EXERCISE INSTRUCTIONS -
Return the lines below exactly, from the first line to the line that contains "北京青少年服务中心(北京市禁". Leave out pictures.

Stored items from a collection:
+---+

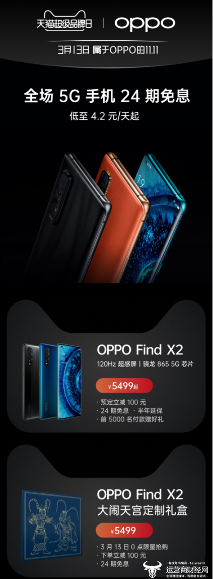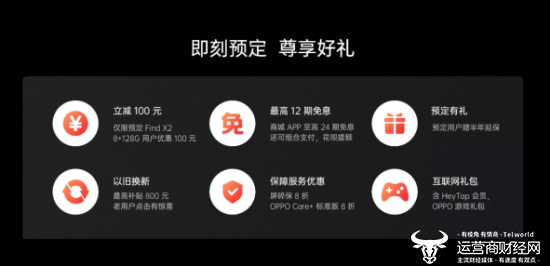 在OPPO商城、天猫旗舰店、京东和苏宁易购预定OPPO Find X2系列手机,享受定金立减100元优惠、最高24期免息分期以及半年延保服务的福利政策。消费者最低日付7.4元,便可得到一款集顶级性能、屏幕、影像实力于一体的5G全能旗舰。
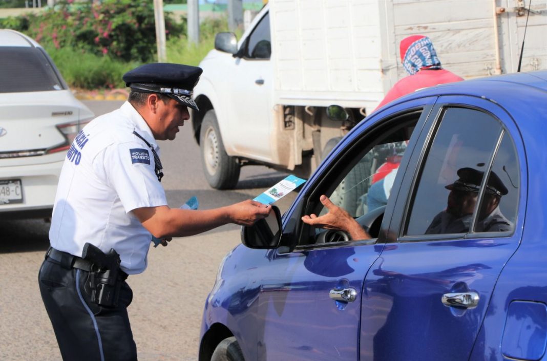 Este martes, el subdirector del Departamento de Tránsito, Jorge Samuel Alvarado Ilustre, acompañado de un grupo de agentes, acudió al cruce de vías de la avenida Santa Rosa, donde estuvieron entregando trípticos de la campaña de educación vial a los conductores, para que tomen sus precauciones al cruzar las vías del tren.
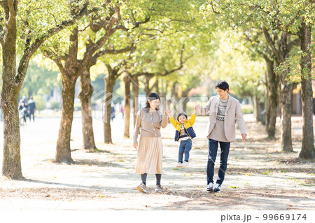 並木道を手をつないで歩く家族
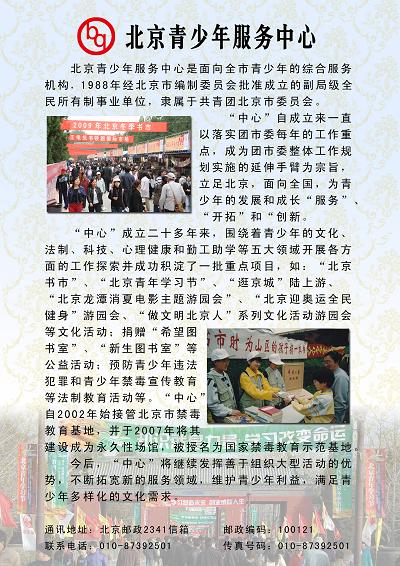 北京青少年服务中心(北京市禁毒教育基地管理中心)前身为北京青少年服务中心成立于1988年,2012年9月经市编办批准,加挂北京市禁毒教育基地管理中心牌子。中心内设办公室、青少年文化发展部、青少年法律维权部、禁毒教育培训部、禁毒社会活动部和综合信息部,六个相当副处级机构,主要承担为青少年提供服务、开展青少年问题研究和禁毒教育、基地管理职能两大职能。
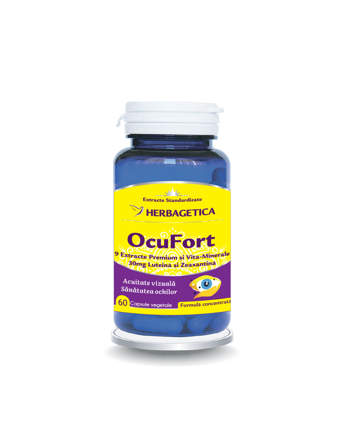OcuFort – Herbagetica este un supliment premium formulat special pentru protecția ochilor și menținerea acuității vizuale, oferind un aport ridicat de Luteină 25 mg, Zeaxantină 5 mg și extracte antioxidante esențiale pentru sănătatea retinei.
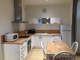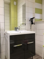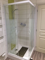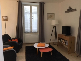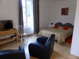 Dans villa de caractère avec parc, un grand F1 et deux grands F2 tout confort, rez-de-chaussée, et à l'étage. Proche des Thermes et commerces. Parking privatif. Animaux acceptés. Grand studio type F1, d'une surface de 42 mètres carrés, situé au rez-de-chaussée droit de la maison, il comporte :- une entrée avec placard.- une belle pièce à vivre avec 2 fauteuils, une télévision à écran plat, ouverte sur une cuisine équipée (plaque vitrocéramique, frigo avec compartiment congélateur), un coin repas avec une table et 4 chaises.- un coin chambre avec 1 lit 2 places de 160x200, 2 tables de chevet et 1 placard.- une grande salle d'eau indépendante entièrement carrelée avec cabine de douche, lavabo et toilettes. Bénéficiant d'une double exposition, vous aurez une très belle vue sur le parc et les thermes.Draps et serviettes de toilettes sont fournis sur demande avec supplément. Disponibilités en ligne sur le site internet de la villa Bellevue.
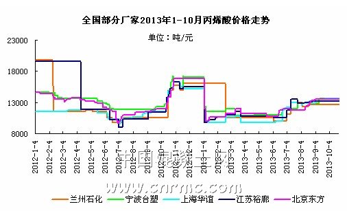 隨著之前停車檢修的廠家重新開(kāi)車,10月份企業(yè)開(kāi)工率將回升,市場(chǎng)供應(yīng)量將逐漸恢復(fù),屆時(shí)將相對(duì)充足,丙烯酸價(jià)格在此期間也將有所上漲,但上漲期間過(guò)后將會(huì)逐步進(jìn)入到平穩(wěn)過(guò)渡期間。目前丙烯酸普酸價(jià)格在13300元/噸附近,比7月初上漲約2000元/噸,增幅達(dá)16.67%,9、10月份的價(jià)格處于年內(nèi)價(jià)格最高點(diǎn)。因此中國(guó)混凝土網(wǎng)預(yù)計(jì),在下游需求比較穩(wěn)定的情況下,2013年年底之前,產(chǎn)品價(jià)格很難再繼續(xù)上漲,但如果未來(lái)下游行業(yè)需求繼續(xù)保持良好,價(jià)格能保持穩(wěn)定,并維持在高位的話,那么2013年總體情況相對(duì)于2012年來(lái)說(shuō)還是不錯(cuò)的。
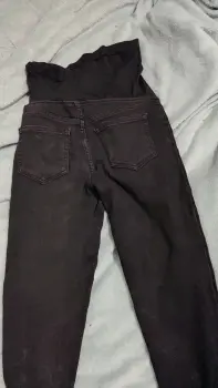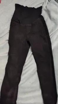 Pantalón de maternidad talla 7 pero estira la tela del pantalón, en la foto se ve decolorado pero en persona se ve totalmente negro.
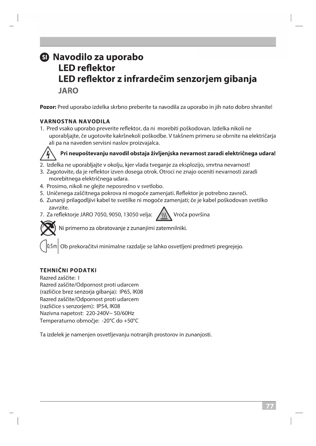 Razred zaščite: I Razred zaščite/Odpornost proti udarcem (različice brez senzorja gibanja): IP65, IK08 Razred zaščite/Odpornost proti udarcem (različice s senzorjem): IP54, IK08 Nazivna napetost: 220-240V~ 50/60Hz Temperaturno območje: -20°C do +50°C Ta izdelek je namenjen osvetljevanju notranjih prostorov in zunanjosti. 20P114 LED Strahler Jaro PIR 0533228 210327.indd 77 27.03.2021 16:10:547878 Navodilo za uporabo JARO MONTAŽA IN PRIKLJUČITEV NA ELEKTRIČNO NAPAJANJE 10 – 50 W Glejte slike od strani 4, 7 in 8
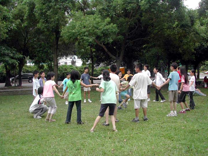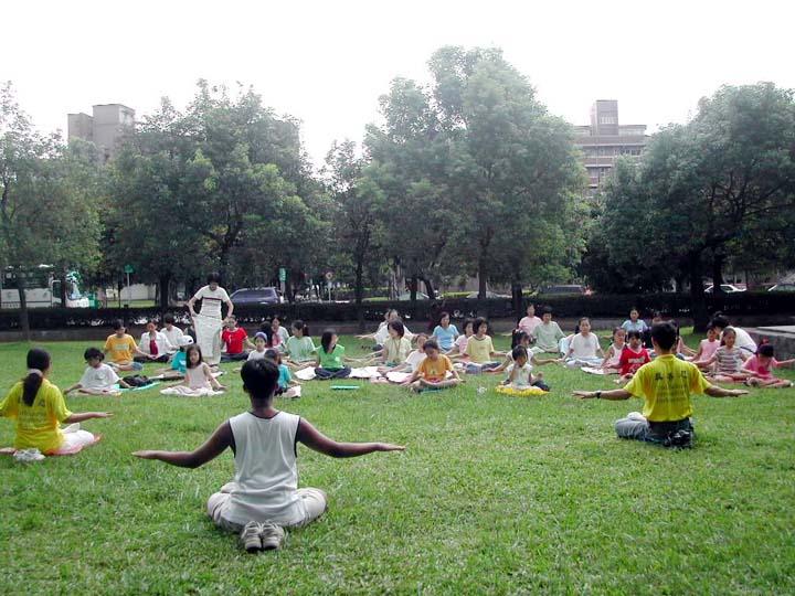 待大伙儿游戏兴致稍微缓和后,小弟子们排好炼功队形准备炼功,炼功音乐一响起,五套功法接着炼,动作缓、慢、圆,场面一片祥和。虽然五套功法只炼一个钟头,但对很多小弟子而言已算是难得了。
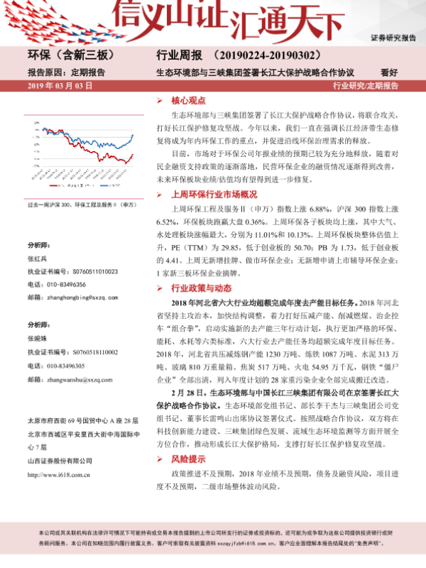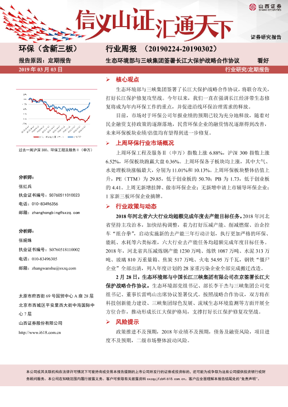 【山西证券】【20190303】环保(含新三板)行业周报:生态环境部与三峡集团签署长江大保护战略合作协议-14页
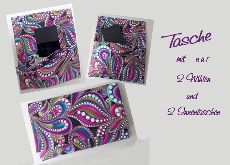Eine kleine Tasche für Handy und Kleinigkeiten, aus glamorösen Stoffen genäht auch für den Abend. (Clutch) Der Stoff wird einfach gefalten und mit 2 Seitennähten geschlossen - fertig. Das ideale Modell für jeden Nähanfänger an dem man sich ausprobieren kann. Der Außenstoff ist zugleich Futterstoff.

+---+

TASK OUTPUT -
 在OPPO商城、天猫旗舰店、京东和苏宁易购预定OPPO Find X2系列手机,享受定金立减100元优惠、最高24期免息分期以及半年延保服务的福利政策。消费者最低日付7.4元,便可得到一款集顶级性能、屏幕、影像实力于一体的5G全能旗舰。
 Este martes, el subdirector del Departamento de Tránsito, Jorge Samuel Alvarado Ilustre, acompañado de un grupo de agentes, acudió al cruce de vías de la avenida Santa Rosa, donde estuvieron entregando trípticos de la campaña de educación vial a los conductores, para que tomen sus precauciones al cruzar las vías del tren.
 並木道を手をつないで歩く家族
 北京青少年服务中心(北京市禁毒教育基地管理中心)前身为北京青少年服务中心成立于1988年,2012年9月经市编办批准,加挂北京市禁毒教育基地管理中心牌子。中心内设办公室、青少年文化发展部、青少年法律维权部、禁毒教育培训部、禁毒社会活动部和综合信息部,六个相当副处级机构,主要承担为青少年提供服务、开展青少年问题研究和禁毒教育、基地管理职能两大职能。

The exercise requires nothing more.